**Source data:**
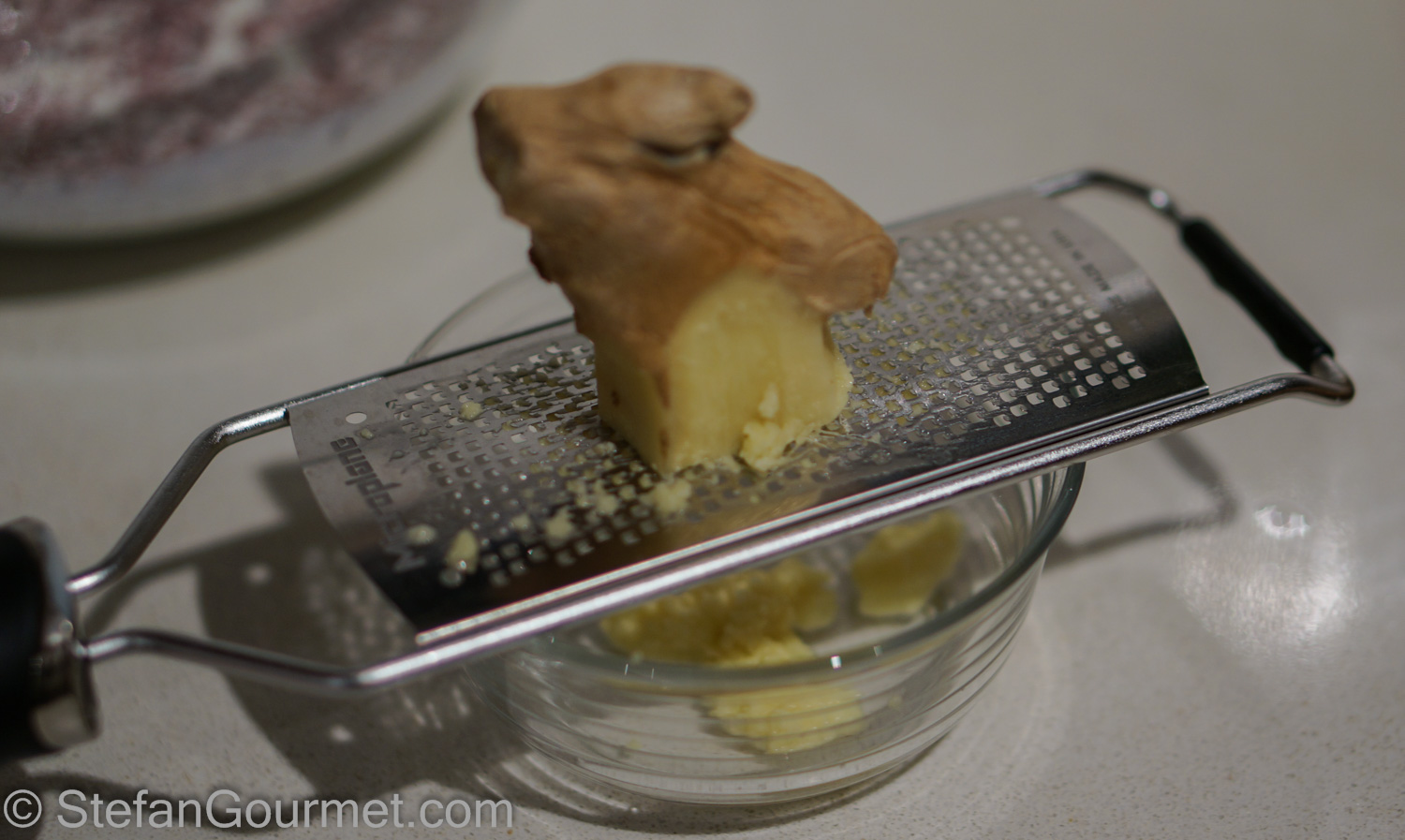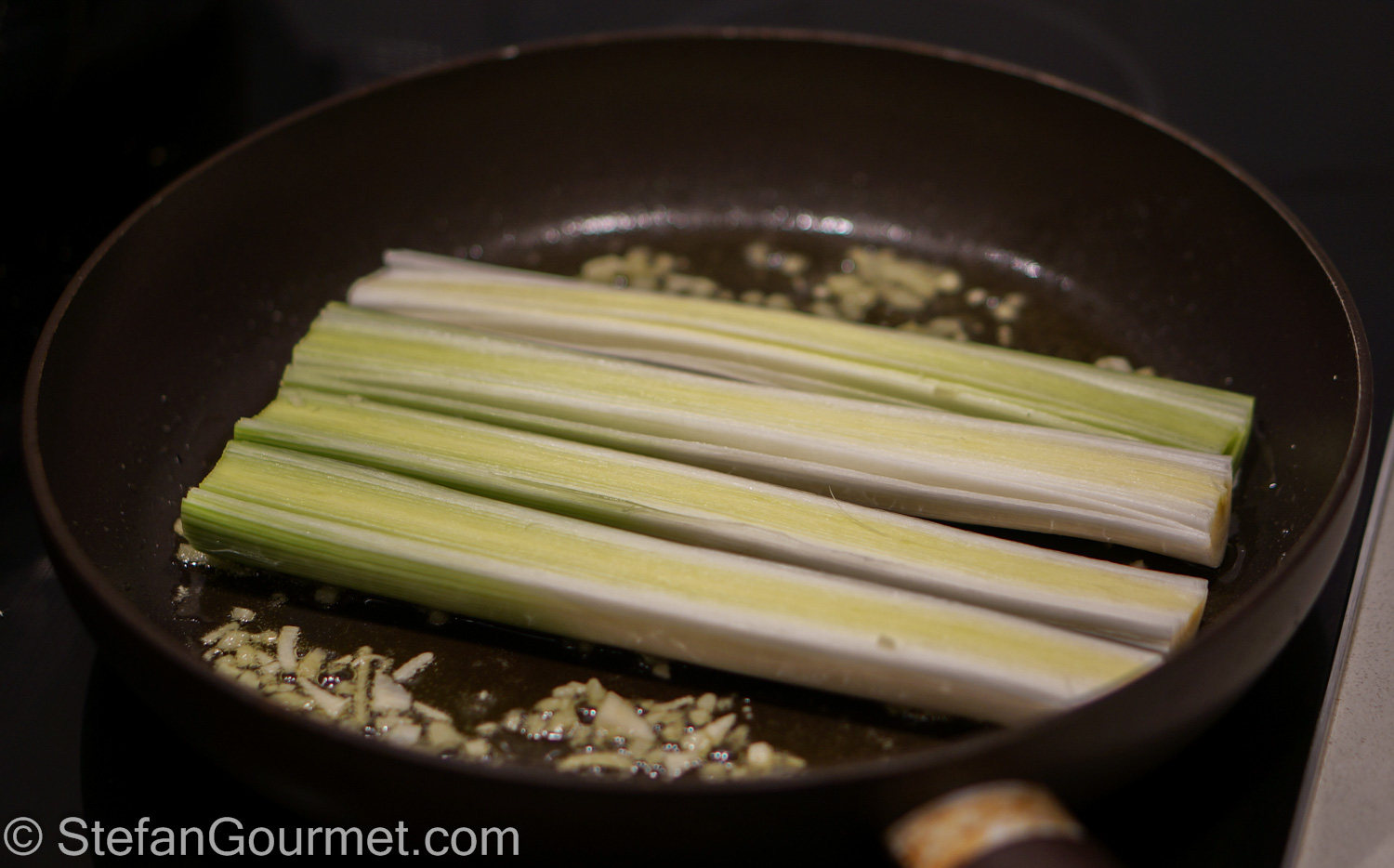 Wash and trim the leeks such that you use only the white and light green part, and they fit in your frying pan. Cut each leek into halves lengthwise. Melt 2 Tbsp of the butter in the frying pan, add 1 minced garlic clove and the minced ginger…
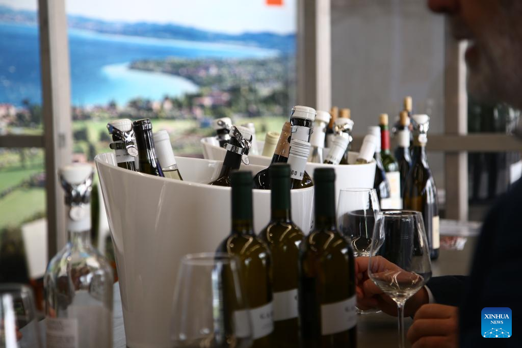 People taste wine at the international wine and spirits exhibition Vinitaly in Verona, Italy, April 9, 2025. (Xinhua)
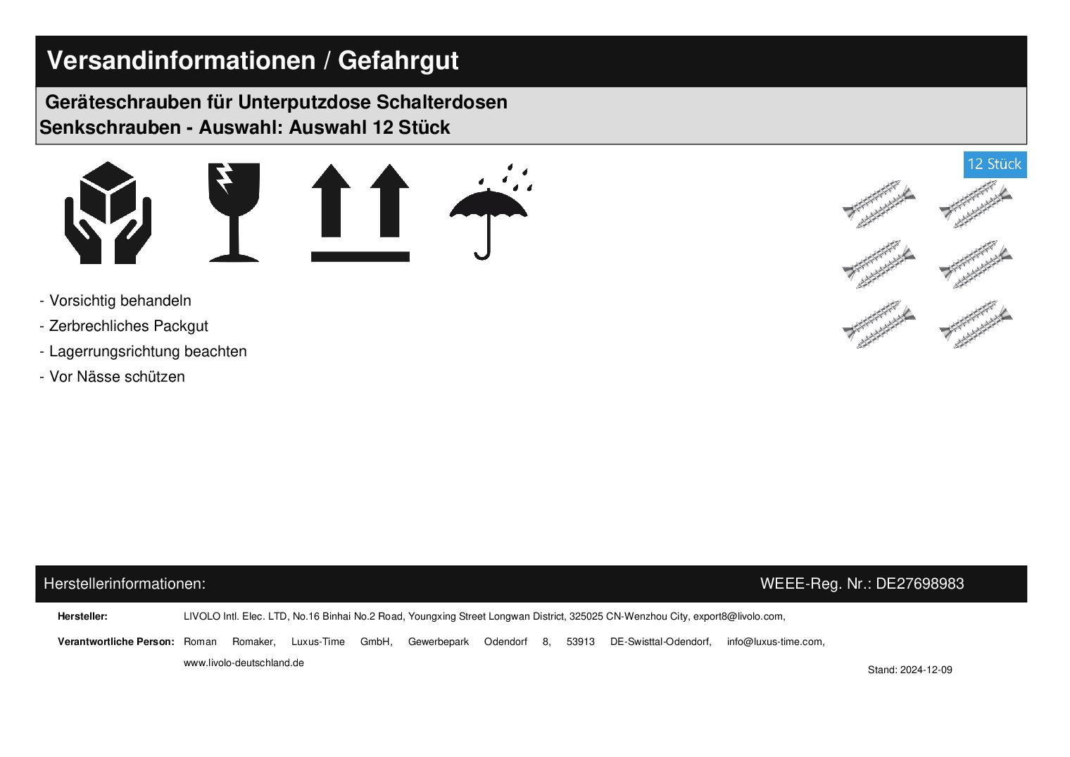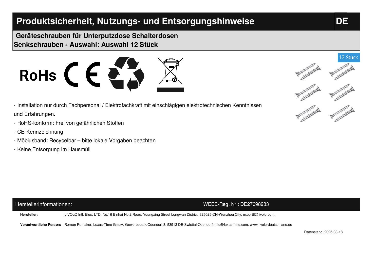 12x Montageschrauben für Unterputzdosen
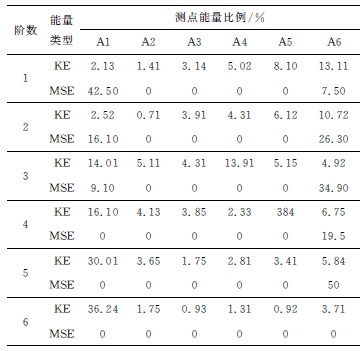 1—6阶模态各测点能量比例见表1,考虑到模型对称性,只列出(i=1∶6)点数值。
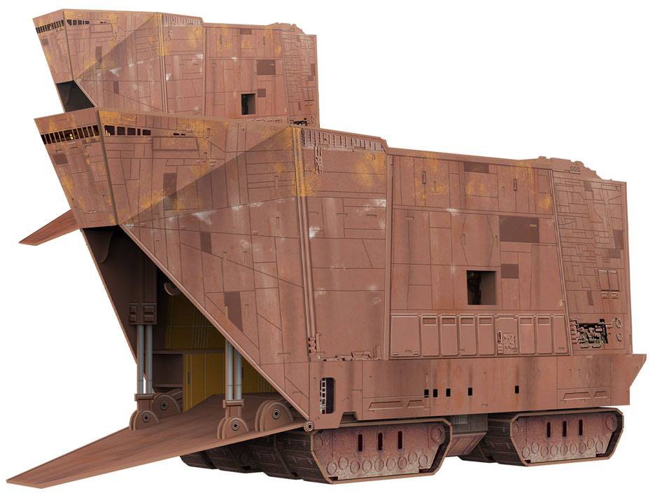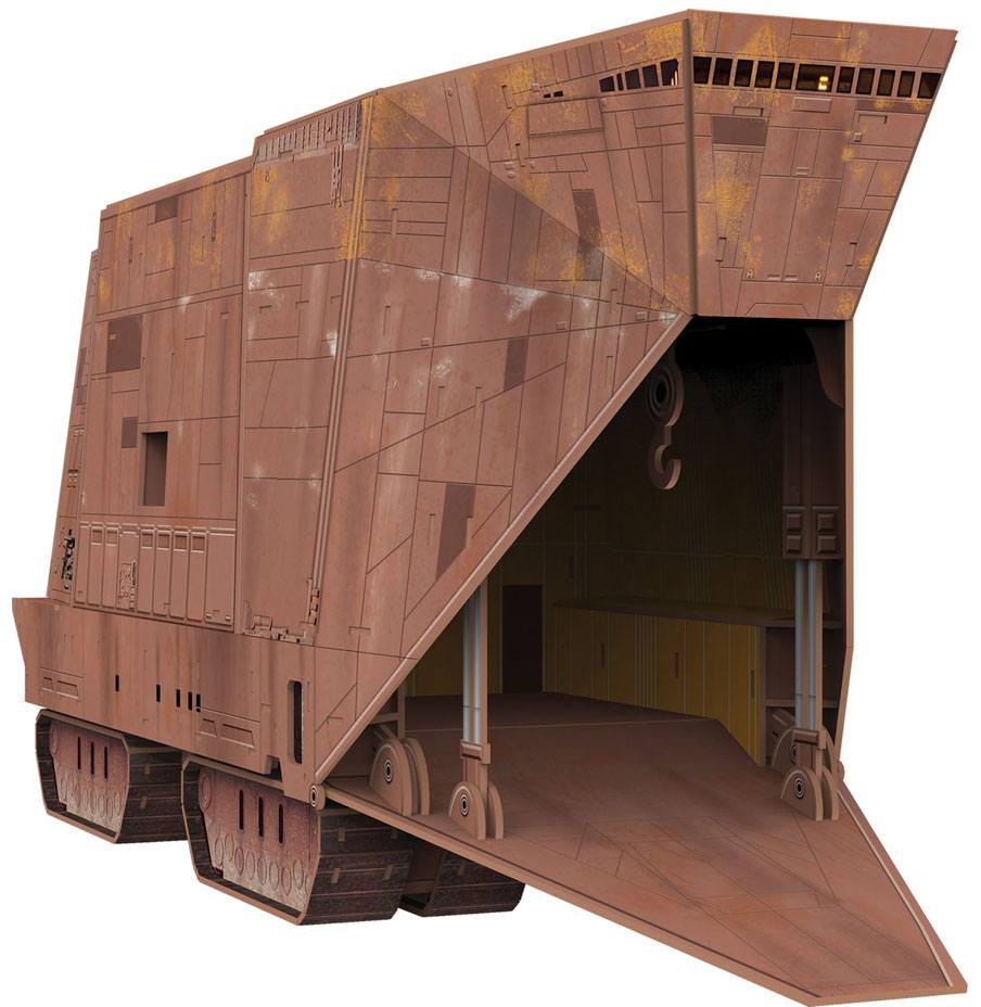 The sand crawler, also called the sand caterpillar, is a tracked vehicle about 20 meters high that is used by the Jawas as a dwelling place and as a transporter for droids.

**Action item:** Copy the material verbatim. The pictures are not part of the copy.

**Task response:**
 Wash and trim the leeks such that you use only the white and light green part, and they fit in your frying pan. Cut each leek into halves lengthwise. Melt 2 Tbsp of the butter in the frying pan, add 1 minced garlic clove and the minced ginger…
 People taste wine at the international wine and spirits exhibition Vinitaly in Verona, Italy, April 9, 2025. (Xinhua)
 12x Montageschrauben für Unterputzdosen
 1—6阶模态各测点能量比例见表1,考虑到模型对称性,只列出(i=1∶6)点数值。
 The sand crawler, also called the sand caterpillar, is a tracked vehicle about 20 meters high that is used by the Jawas as a dwelling place and as a transporter for droids.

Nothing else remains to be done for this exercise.